**REQUIREMENT:** Exercise in exact copying: restate word for word only the lines below from the one containing "図工では、クラフト紙や新聞紙を使って作品を作りました。" through the one containing "美品 エルメス HERMES", omitting any pictures.

**EXERCISE MATERIAL:**

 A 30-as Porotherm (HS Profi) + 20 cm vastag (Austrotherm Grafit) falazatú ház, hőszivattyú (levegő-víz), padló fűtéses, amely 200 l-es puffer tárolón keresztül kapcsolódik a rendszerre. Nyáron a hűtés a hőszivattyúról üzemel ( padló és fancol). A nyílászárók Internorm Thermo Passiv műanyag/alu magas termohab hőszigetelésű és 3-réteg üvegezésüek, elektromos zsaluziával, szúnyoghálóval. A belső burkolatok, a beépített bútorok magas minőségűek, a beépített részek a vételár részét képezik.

...

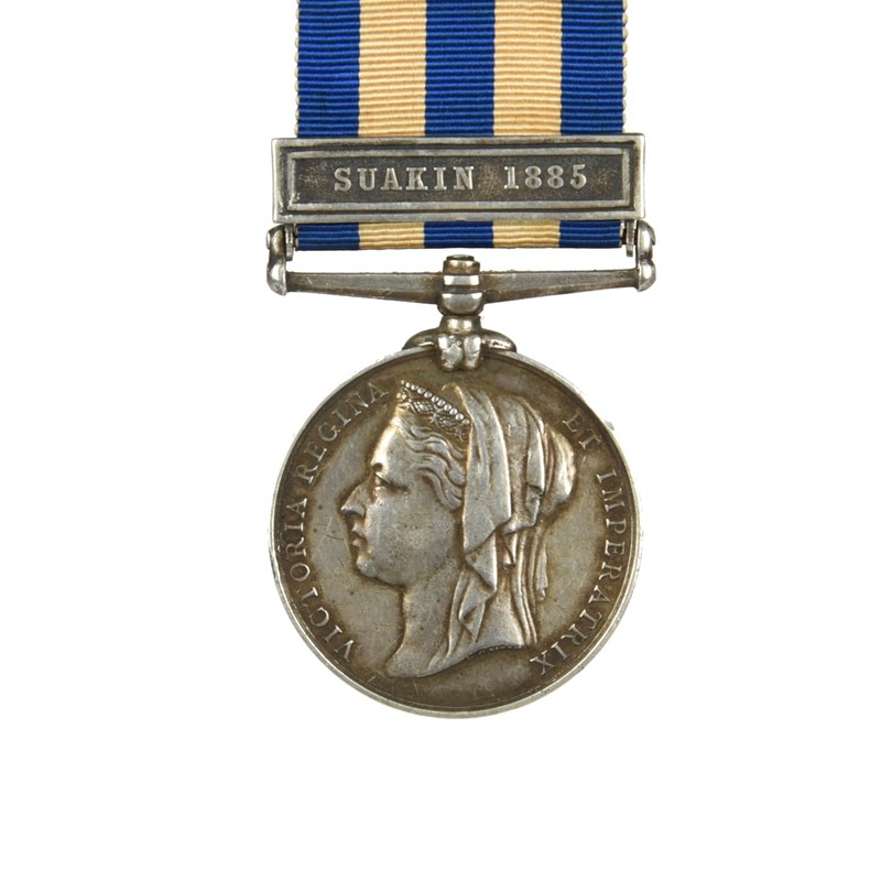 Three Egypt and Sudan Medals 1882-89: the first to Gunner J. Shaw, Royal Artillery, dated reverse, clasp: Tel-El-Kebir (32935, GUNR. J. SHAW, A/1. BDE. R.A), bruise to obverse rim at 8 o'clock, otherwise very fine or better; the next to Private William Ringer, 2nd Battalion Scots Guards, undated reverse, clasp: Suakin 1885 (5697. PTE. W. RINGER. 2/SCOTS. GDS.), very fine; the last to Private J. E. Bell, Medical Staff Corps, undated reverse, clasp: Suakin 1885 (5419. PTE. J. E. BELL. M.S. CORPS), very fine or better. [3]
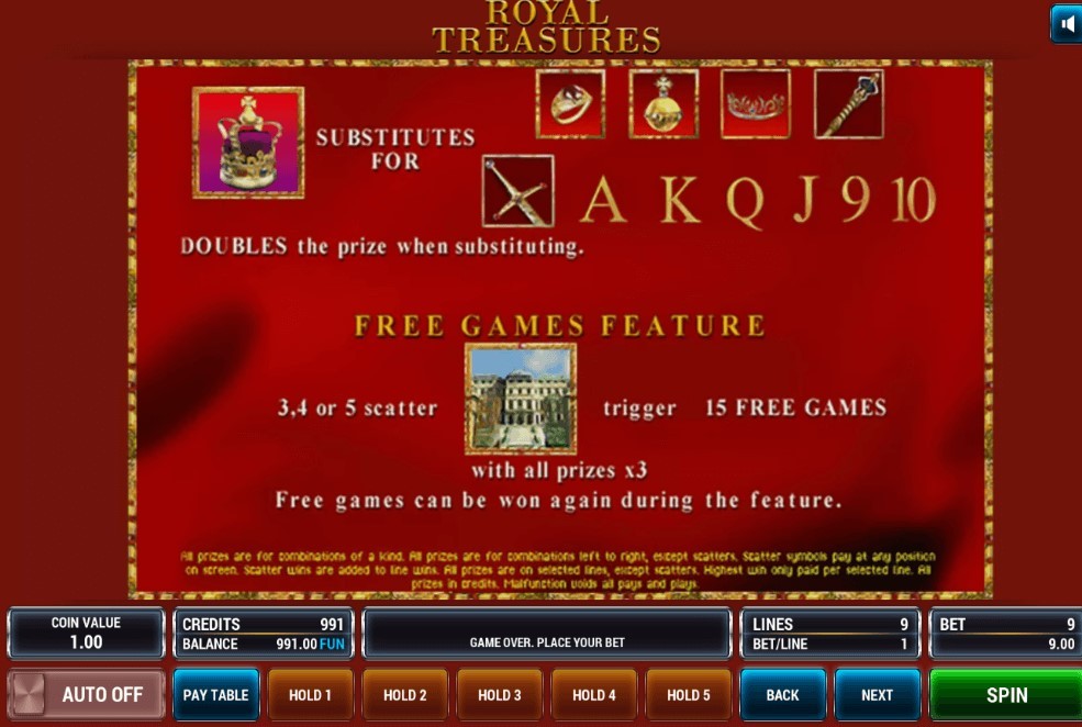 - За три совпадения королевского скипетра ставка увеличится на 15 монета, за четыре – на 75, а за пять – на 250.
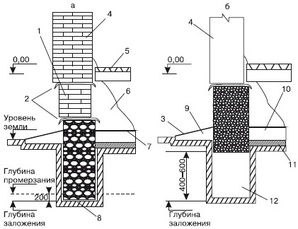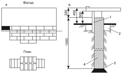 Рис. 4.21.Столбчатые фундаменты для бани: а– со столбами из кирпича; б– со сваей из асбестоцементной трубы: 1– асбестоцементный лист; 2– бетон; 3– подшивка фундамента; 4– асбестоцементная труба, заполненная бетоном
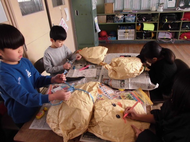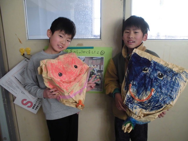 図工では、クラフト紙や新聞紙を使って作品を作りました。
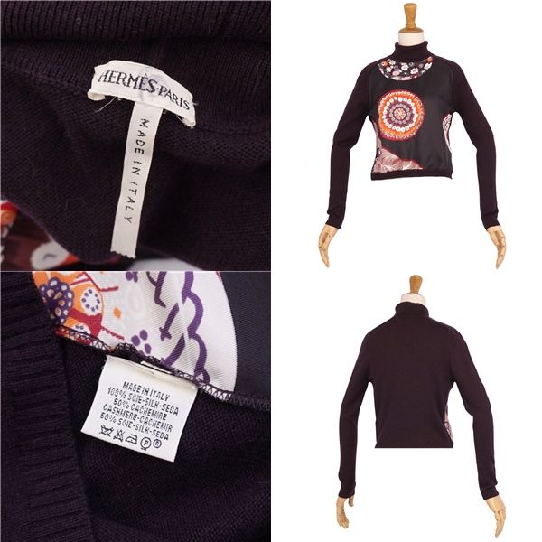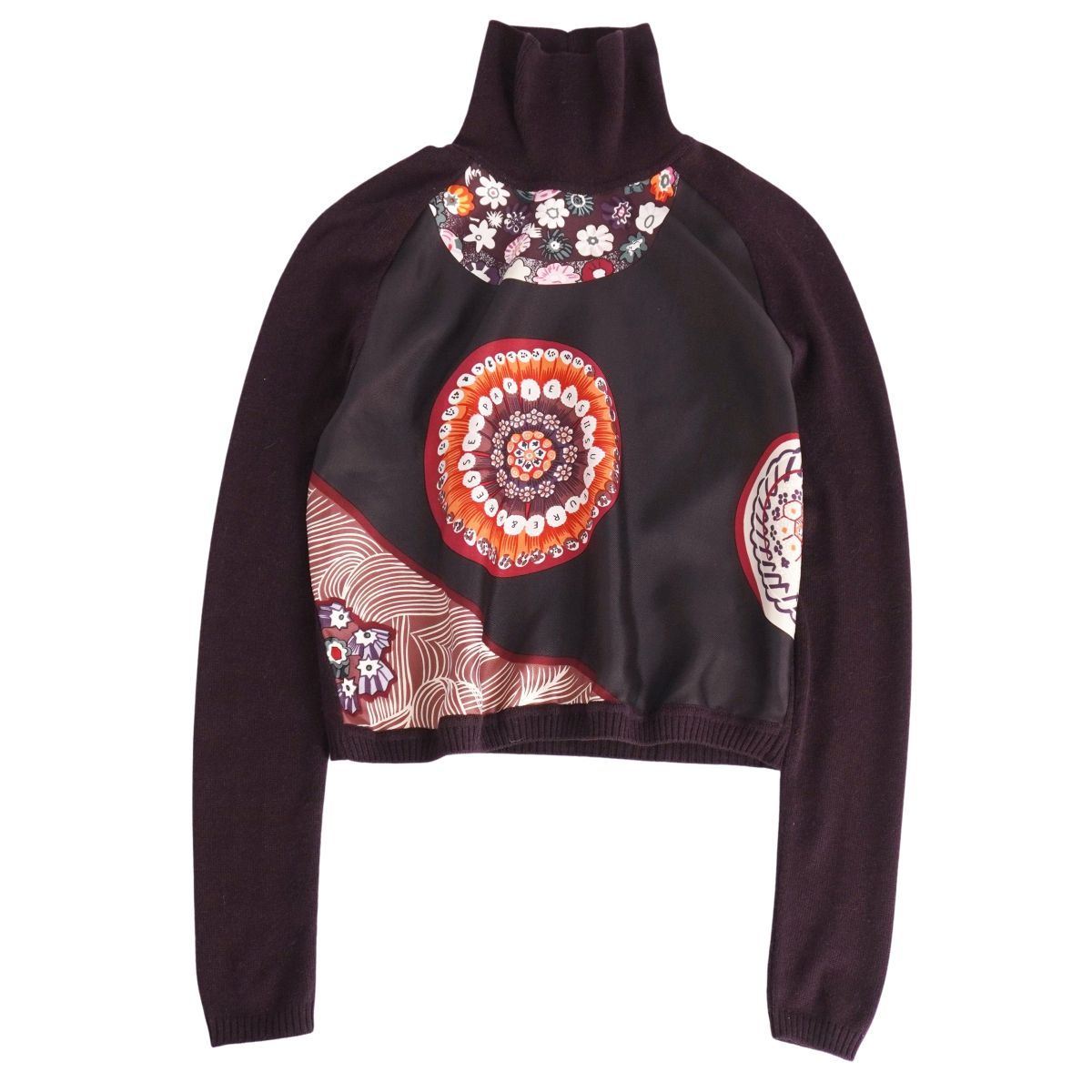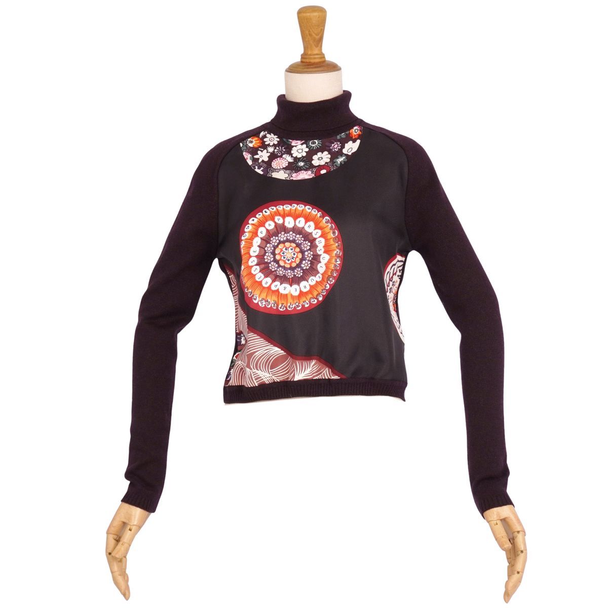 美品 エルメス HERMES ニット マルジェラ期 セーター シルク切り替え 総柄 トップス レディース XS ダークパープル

**YOUR RESPONSE:**
 図工では、クラフト紙や新聞紙を使って作品を作りました。
 美品 エルメス HERMES ニット マルジェラ期 セーター シルク切り替え 総柄 トップス レディース XS ダークパープル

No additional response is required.